I guses app-detection and hand-coded shaders are now shortcuts we'll have to live with. It just means reviewers have to study IQ with even keener eyes.

Personally, I don't see very much difference between a card doing application detection. . .and an application doing card detection. In both cases we've lost the general case applicability that we're striving for, and expended resources that could have gone towards improvements for everyone. One hopes (sometimes in vain) that in the latter case the developer is more IQ conscious. . .but I think we've seen enough cases to know some of them are willing to make tradeoffs to get performance for a class of card that will affect a decent chunk of their target market.

But we're getting OT here.
 
Well, since hardware from different IHV's is inherently going to have different optimizaiton characteristics, there's only so much optimization you can do "for everyone."
 
Chalnoth said:
Well, since hardware from different IHV's is inherently going to have different optimizaiton characteristics, there's only so much optimization you can do "for everyone."

Well, there are two cases here. In the card-detecting-app case, "for everyone" would mean say, all DX9 apps, as opposed to just the high-profile ones, so that a purchaser intending to play a down-market DX9 game, rarely benchmarked by the usual suspects, could still feel reasonably comfortable that performance and reliablility-wise he'll likely see similar relative results as the big titles.
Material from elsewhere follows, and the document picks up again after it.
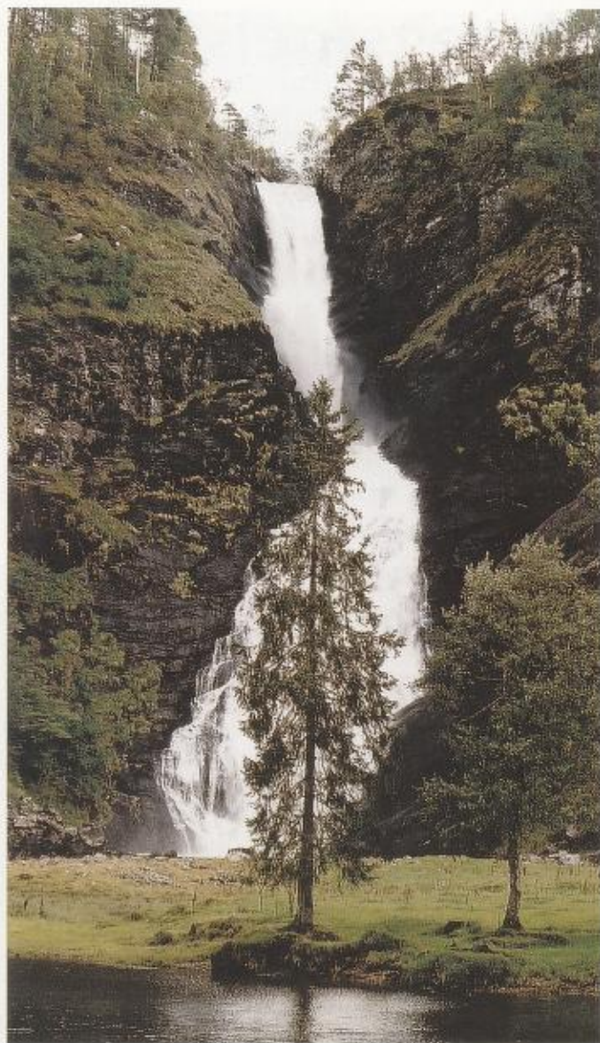
Frå stien har ein god utsikt til Huldefossen som er eit av dei mest populære turismåla i området.

Hagen har eit allsidig vekstskifte med grønnsaker, poteter, korn, grønfôr og eng. I tillegg er det litt bær og krydder. Vekstskifte er å veksle mellom vekstar som gir næring til jorda og vekstar som tærer på næringsinnhaldet i jorda. Eit vekstskifte er også viktig for å hindre sjukdomsangrep og for å redusere ugrasmengda i åkeren. I sesongen får du kjøpt økologiske varer i utsalet ved gartneriet.

In the app-detecting-card case, I'd say resources are fungible if you get improvements you can rely on over time. This means shorter development times, cheaper games, greater profit margins (which is indirectly good for gamers), better art, add on packs, sequels, or some combination of all. That kind of "for everyone".

And then I woke up. ;)
 
"WALTC *IS* 'THE VERBOSE 3DMARK03 REMEMBERER'"

I've booked my ticket already.

"Somebody" should remember tho.

Before the R300/nV30 I would never have imagined that the events that occured ...... uhm ... would occure. I still can't believe (to some extent) that FX owners are even now posting threads with plaintive cries of "what is wrong with my card".
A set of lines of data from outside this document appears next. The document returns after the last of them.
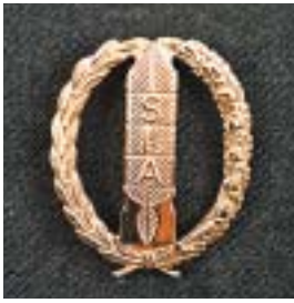
Schutter lange afstand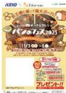
《イベントポスター(イメージ)》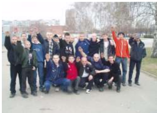
Группа подростков-скинхедов использует нацистское приветствие.

Свойственная этому возрасту идеализация, желание изменить мир, вера в свои силы и лучшее будущее, приводит к завышенности оценок и притязаний, мешает правильно оценить действительность, порождая пессимизм и апатию. Социальная активность подростка часто принимает форму абстрактной социальной критики, он фиксирует свое внимание на том, что его не удовлетворяет, что не соответствует его идеалу. Примером может служить резкость и безапелляционность критических суждений о ситуации в стране, в республике, в городе или поселке, в школе. Это состояние стараются использовать различного рода политические и религиозные течения, пытаясь внушить подростку, что все недостатки, которые он видит, могут быть устранены путем радикальных действий.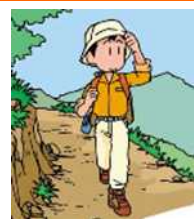
食の安全・安心サポーターの設置

With what went on I think there is a need for somebody like Waltc to remind us. Lest we forget. :(
 
DemoCoder said:
"THE NVIDIA 3DMARK03 FIASCO"

"WALTC *IS* 'THE VERBOSE 3DMARK03 REMEMBERER'"

Release day: Christmas 04, in all theaters everywhere. "The Verbose 3DMARK03 Rememberer"


:)

Actually, I had this in mind:

"Those who do not remember the mistakes of the past are doomed to repeat them," or something similar. I wish I could take credit for the sentiment, but of course I can't...;)
 
ondaedg said:
Walt, don't you think you are overdramatizing just a bit? Everyone does app-detection. Get over it.
Do NOT let the Dig or any of them other fanboys hear ya talking like that, they'll crucify ya! :oops:

More seriously, WaltC again sums it up well (and strangely enough succintly too!):

WaltC said:
"Those who do not remember the mistakes of the past are doomed to repeat them," or something similar. I wish I could take credit for the sentiment, but of course I can't...;)
I think trying to re-write history and underplay nVidia's dishonesty is just as bad as demonizing it.
 
digitalwanderer said:
WaltC said:
"Those who do not remember the mistakes of the past are doomed to repeat them," or something similar. I wish I could take credit for the sentiment, but of course I can't...;)
I think trying to re-write history and underplay nVidia's dishonesty is just as bad as demonizing it.

Heh. Unfortunately, the industry is more like your typical family than the green eye-shade cold-blooded captains of industry that you'd expect.

This means a lot of histrionics, pouting, over-reaction, re-reaction, accomodation to new facts, etc, on the way to a higher level of undertstanding.

The model does work, but it is an emotional rollercoaster.
 
The thing is... does anyone know if NVIDIA was the first (which seems to be the assumption here) when it comes to "app detection" (whatever and however general that term means)?